A violência é um dos signos marcantes da literatura latino-americana. Num recorte mais simplório, e nem por isso incorreto, seria possível dizer que, do ponto de vista dos espaços de ficcionalização da violência, há autores que recorrem a mundos oblíquos ou imaginados, e autores que recriam a realidade doméstica mais ordinária. Eu não disse, estreia de Lara Haje na ficção, persegue sem dúvida o segundo caminho.

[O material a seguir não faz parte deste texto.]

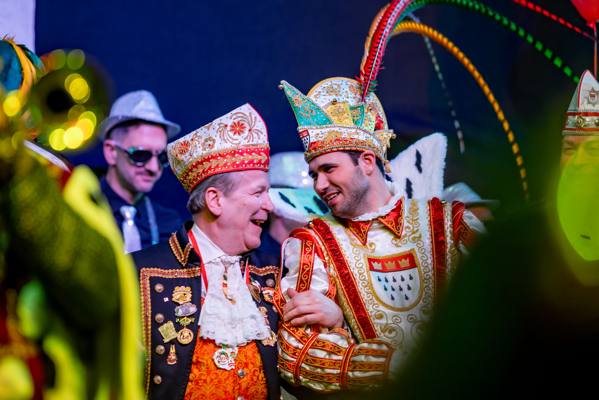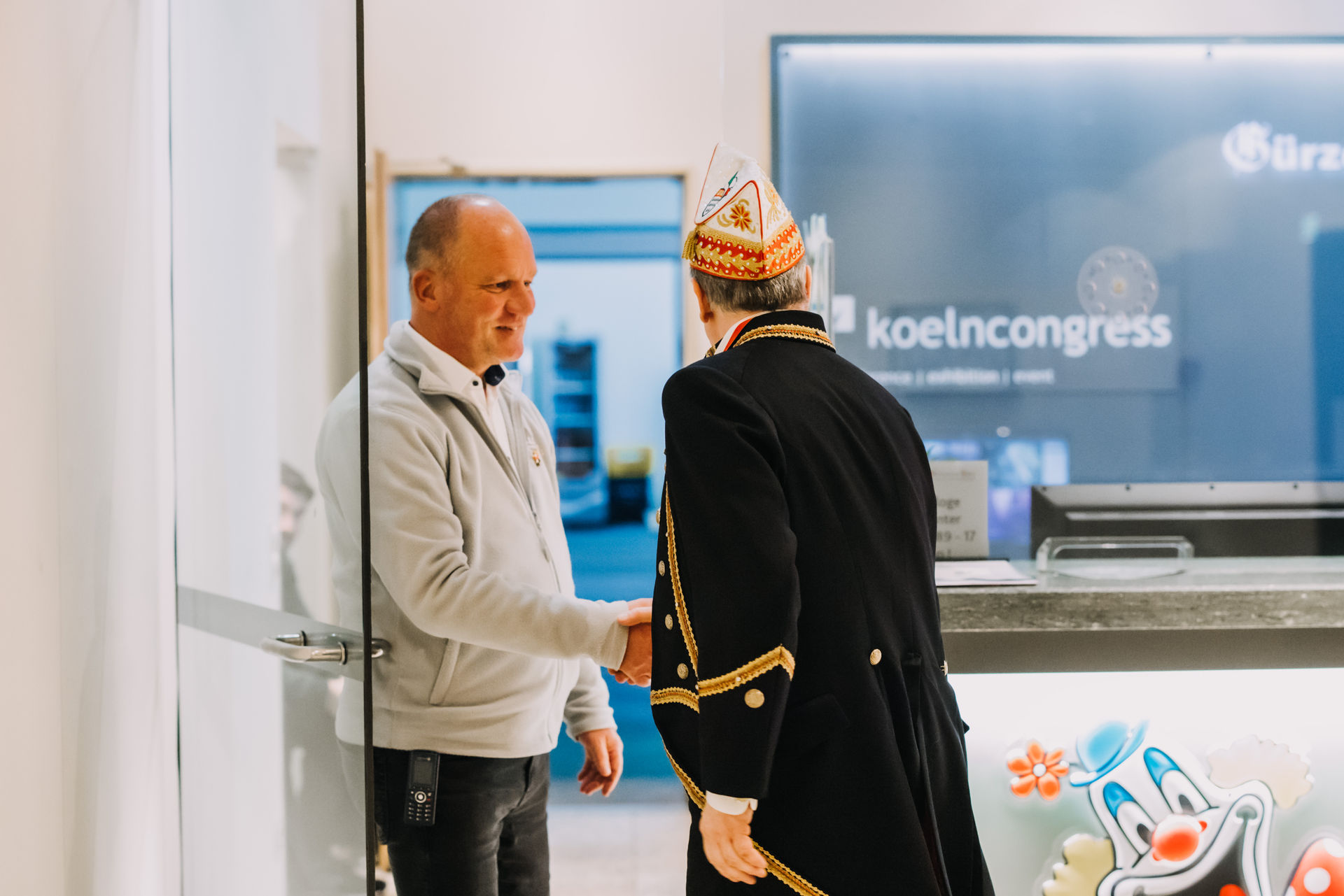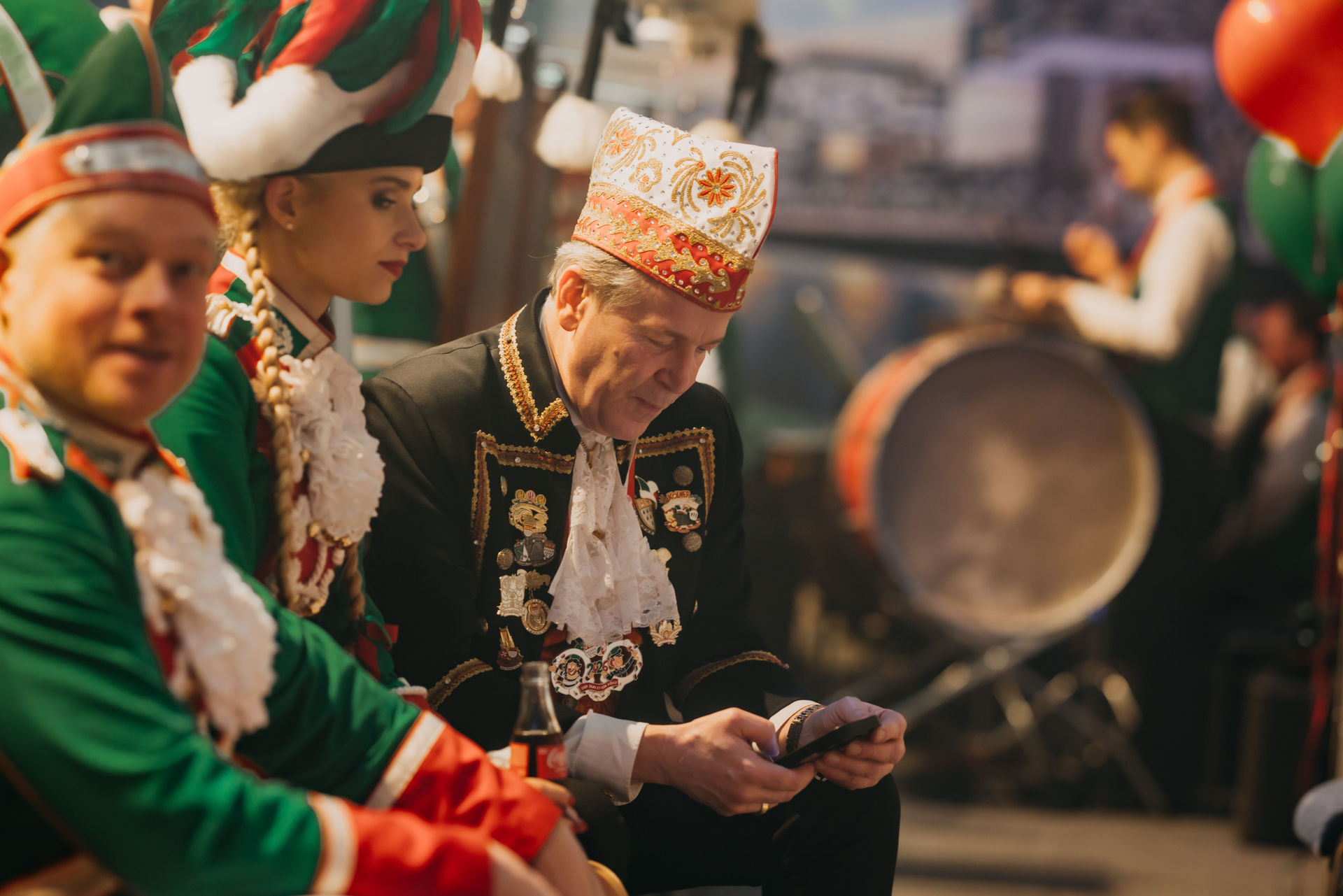 Eigentlich würde er sogar die ganze Sitzungist eine Karnevalsveranstaltung zwischen der Proklamation und Karnevalsdienstag mit einem bunt gemischten Bühnenprogramm: Tanzgruppen und Korpsgesellschaften ziehen in den Saal und präsentieren ihre Tanzkünste, Büttenredner widmen sich mit Witz und Ironie den großen und kleinen Themen der Welt und kölsche Musiker reißen das Publikum von den Stühlen. Highlights sind der Einzug des Dreigestirns und die Ansprache des Prinzen an sein „Narrenvolk“. More bleiben, aber wir wollen auch noch weiter in andere Säle. Die Session ist kürzer als sonst, was ihm eigentlich sehr gefällt, weil die Energie konzentrierter ist, das macht es besonderer und passend für seinen Abschluss. Leider schafft er es so trotz 150-180 Terminen nicht, alle Gesellschaften zu besuchen, um sich zu verabschieden. Er liebt es von Saal zu Saal zu fliegen, nah am „Volk“ zu sein. Neben fixen Terminen entscheidet er gern mal spontan, wo es hingeht.

Desdobrando-se, simbolicamente, entre uma Silvina Ocampo e uma María Fernanda Ampuero, a autora coloca o espaço doméstico no epicentro dos conflitos sociais. A casa e a família, representações ideais de albergue e contenção, escondem e esparramam toda sorte de ameaças: distúrbios alimentares, vícios, depressão, suicídio. Perfazendo uma espécie de “pré-gore”, Lara Haje expõe as vísceras de tudo aquilo que, como promessa ou fingimento, acostumamos a chamar de familiar.

Lara Haje

Lara Haje é jornalista e mestre em Políticas de Comunicação pela Universidade de Brasília (UnB), trabalha como repórter na agência de notícias da Câmara dos Deputados. Co-autora do livro Paúra – um mergulho na síndrome do pânico (2018). Ficou em 5º lugar no Prêmio Off Flip 2023 na categoria crônica, com “Tijolos de isopor”, e uma das 15 finalistas do III Prêmio Anna Maria Martins (2023), da União Brasileira de Escritores, com o conto “Merda, em árabe”, além de uma das autoras classificadas do II Concurso Literário Philos Mulher 2024, com o conto “Como se sobrevive a uma coisa dessas”. Eu não disse (Cachalote, 2024) é seu primeiro livro de ficção.

Trecho

Do conto: “O espelho”

Se pudesse se livrar de cada dobrinha, cada pedaço desta carne nojenta, a pele: tudo sobra nesta pança, neste corpo cilíndrico; vomita, se esvazia, e depois ele todo infla de novo. Se pudesse cortava fora era com faca, um cortezinho, e outro, sangue sujo e bonito, se pudesse sair junto a gordura amarela, intestino grosso, esta merda toda apodrecida e ressecada, melhor um rolo de cozinha, amassar a barriga, parece mesmo um pão, deitar no chão, abrir a massa igual pizza, afinar.